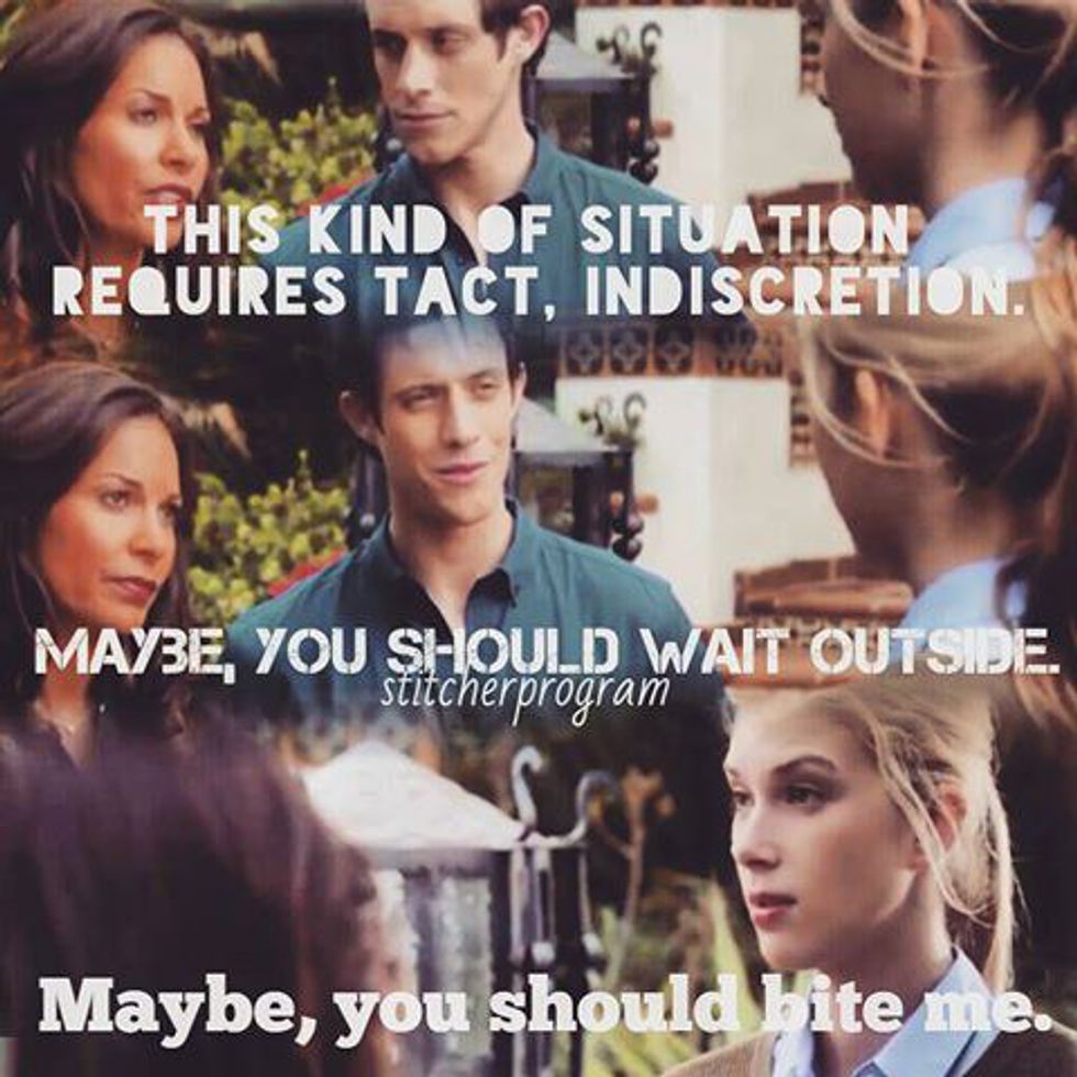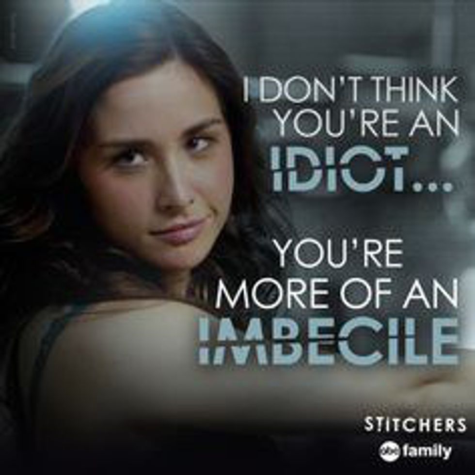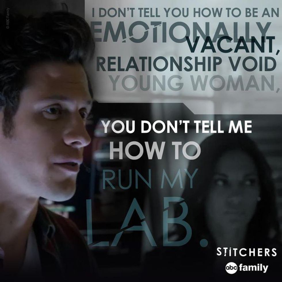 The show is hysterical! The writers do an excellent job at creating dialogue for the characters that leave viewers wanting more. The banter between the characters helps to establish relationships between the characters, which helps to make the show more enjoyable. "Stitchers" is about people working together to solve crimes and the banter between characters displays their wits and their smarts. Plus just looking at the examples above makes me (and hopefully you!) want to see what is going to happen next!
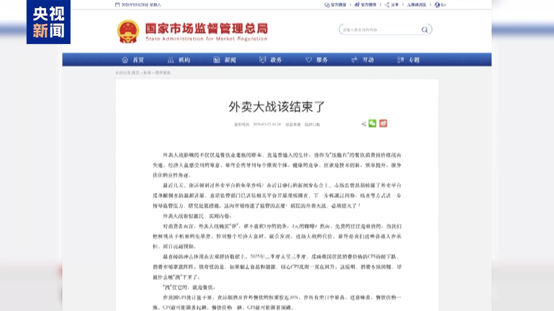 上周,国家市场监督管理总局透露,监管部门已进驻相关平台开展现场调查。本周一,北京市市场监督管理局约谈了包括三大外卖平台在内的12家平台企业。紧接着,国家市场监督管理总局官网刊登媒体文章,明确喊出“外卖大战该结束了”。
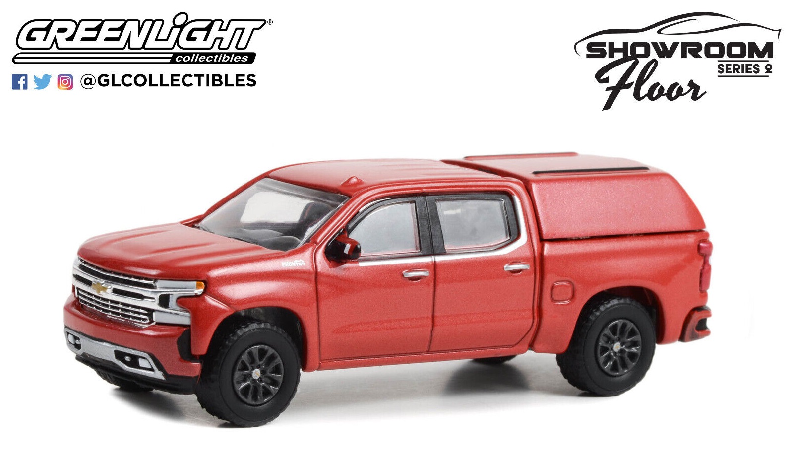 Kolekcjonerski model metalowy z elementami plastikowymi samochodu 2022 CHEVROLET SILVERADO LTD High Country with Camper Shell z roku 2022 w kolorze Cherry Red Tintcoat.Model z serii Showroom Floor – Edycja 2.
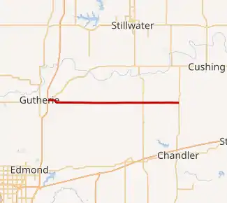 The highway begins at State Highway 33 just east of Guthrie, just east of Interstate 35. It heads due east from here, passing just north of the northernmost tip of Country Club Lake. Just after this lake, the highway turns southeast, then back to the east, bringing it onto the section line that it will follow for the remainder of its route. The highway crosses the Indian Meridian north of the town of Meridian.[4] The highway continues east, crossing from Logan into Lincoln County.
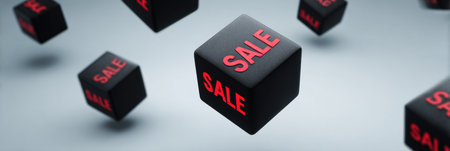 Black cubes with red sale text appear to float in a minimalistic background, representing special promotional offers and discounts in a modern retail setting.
⁂
**The problem:**
Within the entries above, the lines from the one with "The highway begins" through the final line are to be printed exactly, with the pictures removed.

**Answer space:**
 The highway begins at State Highway 33 just east of Guthrie, just east of Interstate 35. It heads due east from here, passing just north of the northernmost tip of Country Club Lake. Just after this lake, the highway turns southeast, then back to the east, bringing it onto the section line that it will follow for the remainder of its route. The highway crosses the Indian Meridian north of the town of Meridian.[4] The highway continues east, crossing from Logan into Lincoln County.
 Black cubes with red sale text appear to float in a minimalistic background, representing special promotional offers and discounts in a modern retail setting.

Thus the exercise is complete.